Stored items:
____
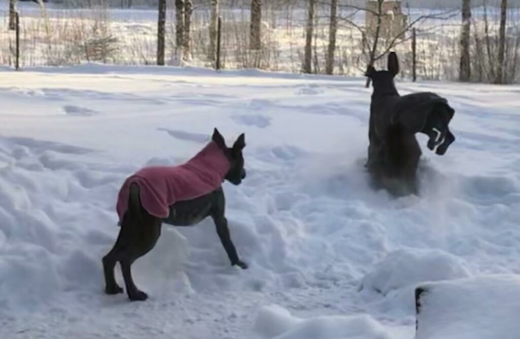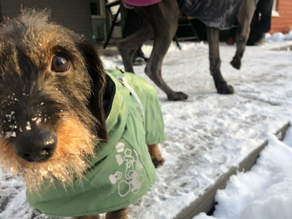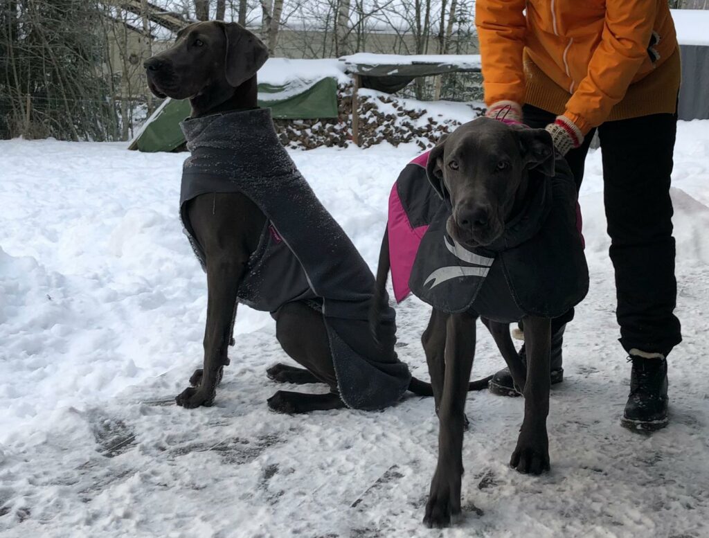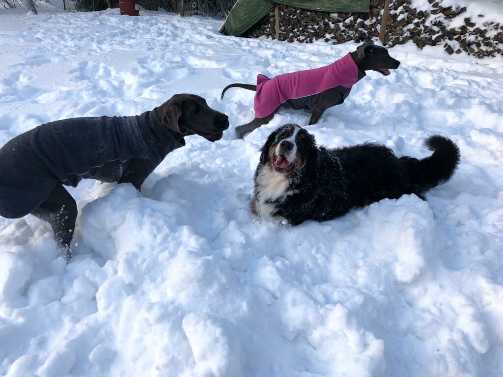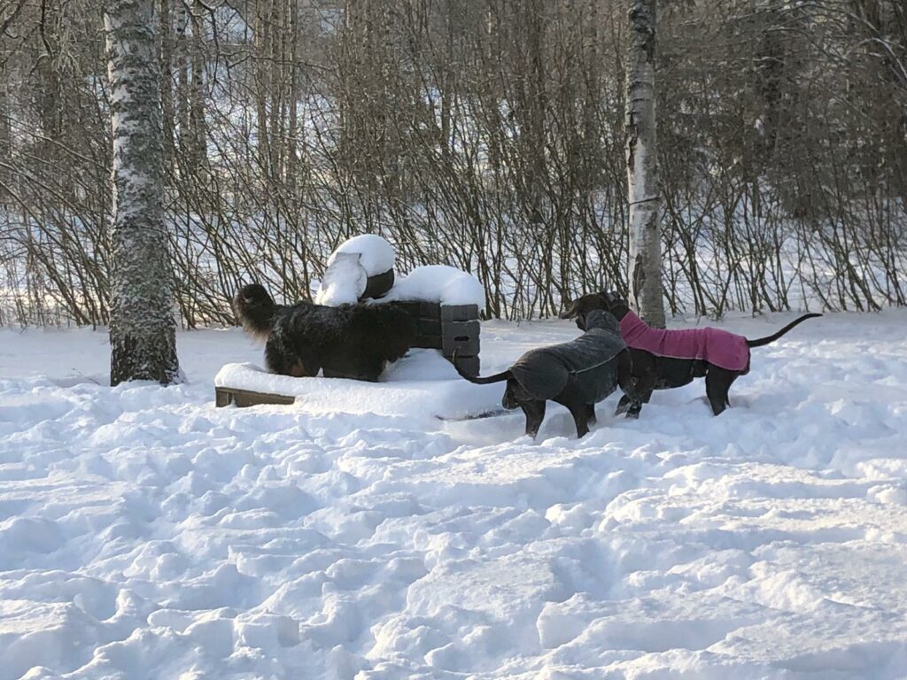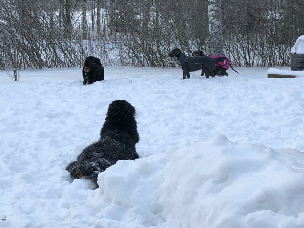 Viiden tyttökoiran lauma humpsahti pihamme lumihankeen tuosta vaan. Etenkin Venlalla ja Nandalla tuntui leikit menevän tosi hyvin yksiin – vaikka yhtä lailla spurttailut, hammastelut ja painimatsit sai aikaan myös Nyytin kanssa, ja intoutui Meenakin sopivissa määrin kakaroiden vauhtiin. Ei ehkä yllätä, että kovimmat rallit pihalla järjestyivät nuoriso-osaston toimesta (ikäjärjestyksessään Nanda, Venla ja Nyyti).
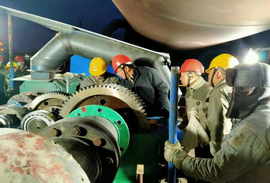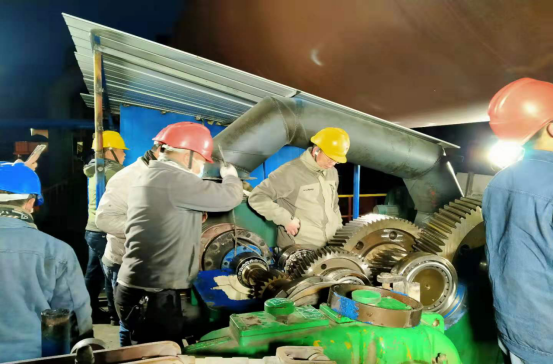 1月4日,塞北二九天氣,室外溫度已在零下16℃左右,傍晚夜幕降臨,員工們在燈火通明的回轉(zhuǎn)窯主減速機(jī)檢修現(xiàn)場,迎著寒風(fēng)刺骨,卻是熱火朝天,一派繁忙大干的景象。由于生產(chǎn)任務(wù)重,檢修時(shí)間緊,公司領(lǐng)導(dǎo)班子帶領(lǐng)員工克服種種困難,戰(zhàn)勝諸多不利因素,不畏嚴(yán)寒,加班加點(diǎn)趕進(jìn)度,爭分奪秒搶工期,積極推進(jìn)回轉(zhuǎn)窯主減速機(jī)恢復(fù)正常運(yùn)行。
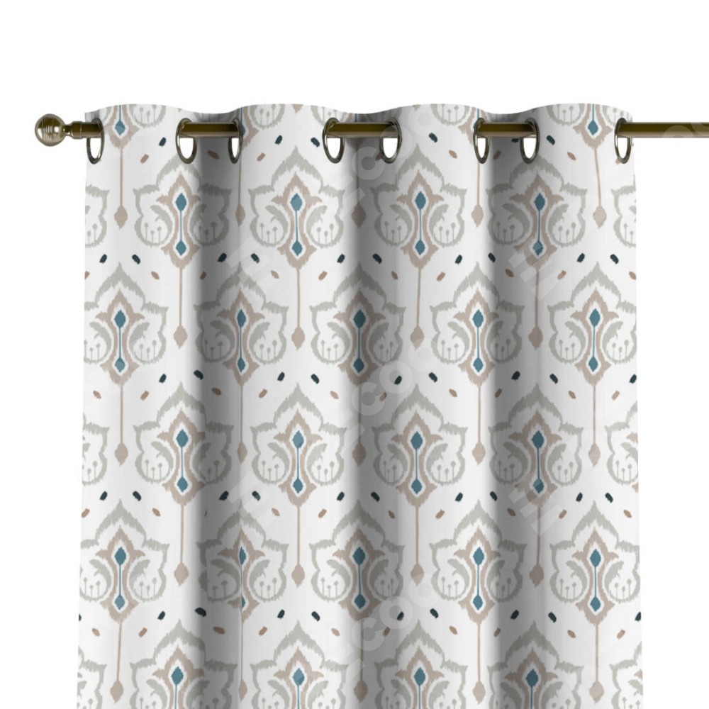 Комплект прямых штор, от производителя «Cortin», пошиты из ткани блэкаут с нанесением сублимационной печати «Икат узор». Данная модель пошита на люверсах, комплектуется на выбор круглым карнизом и подходит для монтажа на стену или потолок. Прямые шторы на люверсах шьются по стандарту с коэффициентом 1/2 (на 100 см. ширины проёма 200 см. ширины ткани), отличительным преимуществом данной модели является простой способ монтажа. Достаточно повесить ее на трубу и штора готова!
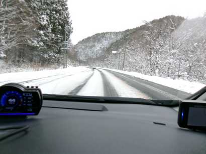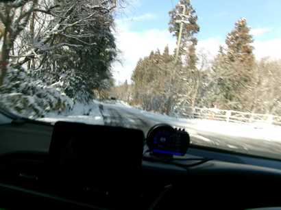 うーん、狭い。圧雪路。
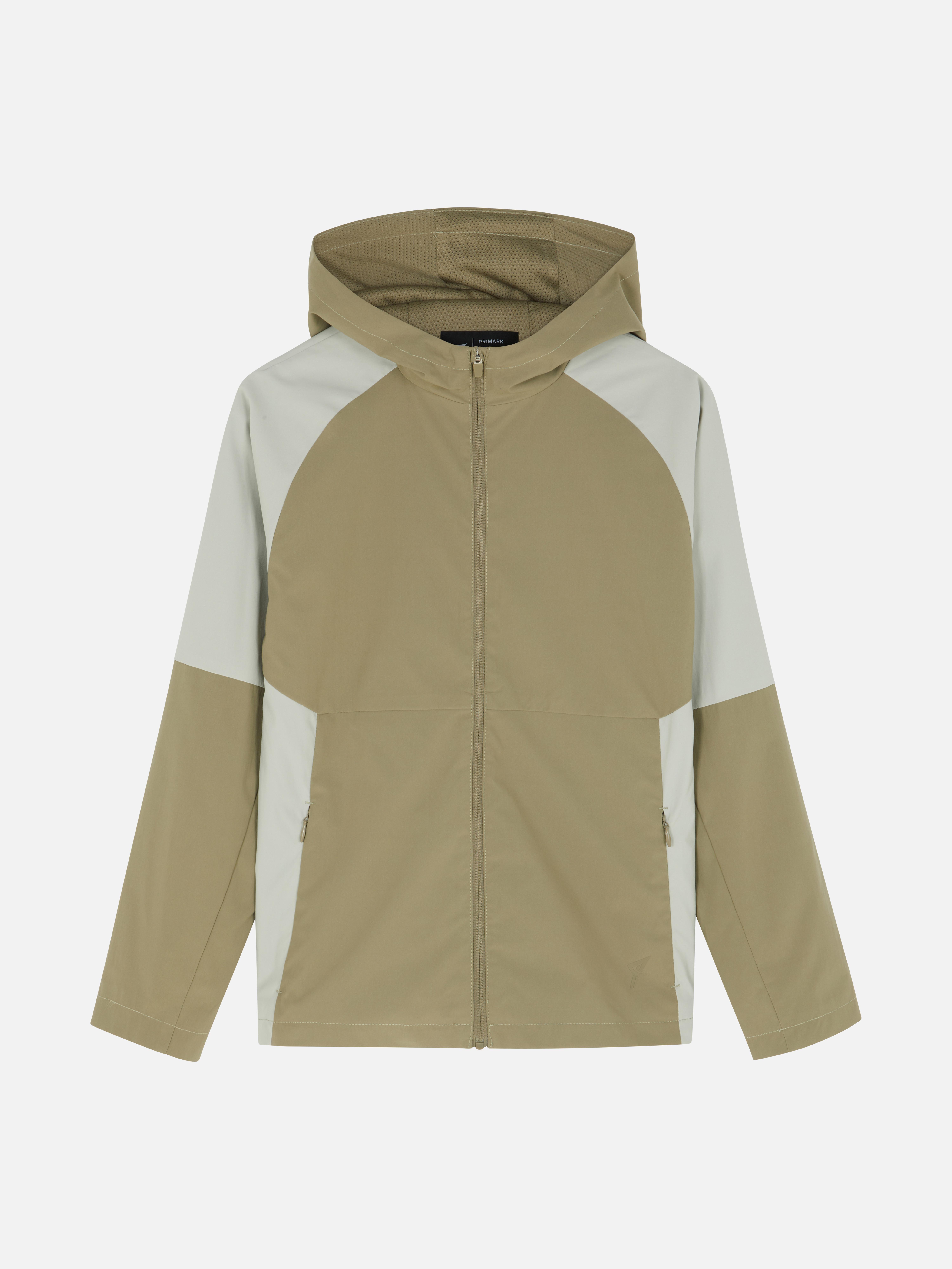 A hooded sports jacket with a zip front and zippered pockets
____
-- Activity --
I need the lines from the one holding "うーん、狭い。圧雪路。" through the last line of the entries set down exactly, with every picture left out.

-- Response box --
 うーん、狭い。圧雪路。
 A hooded sports jacket with a zip front and zippered pockets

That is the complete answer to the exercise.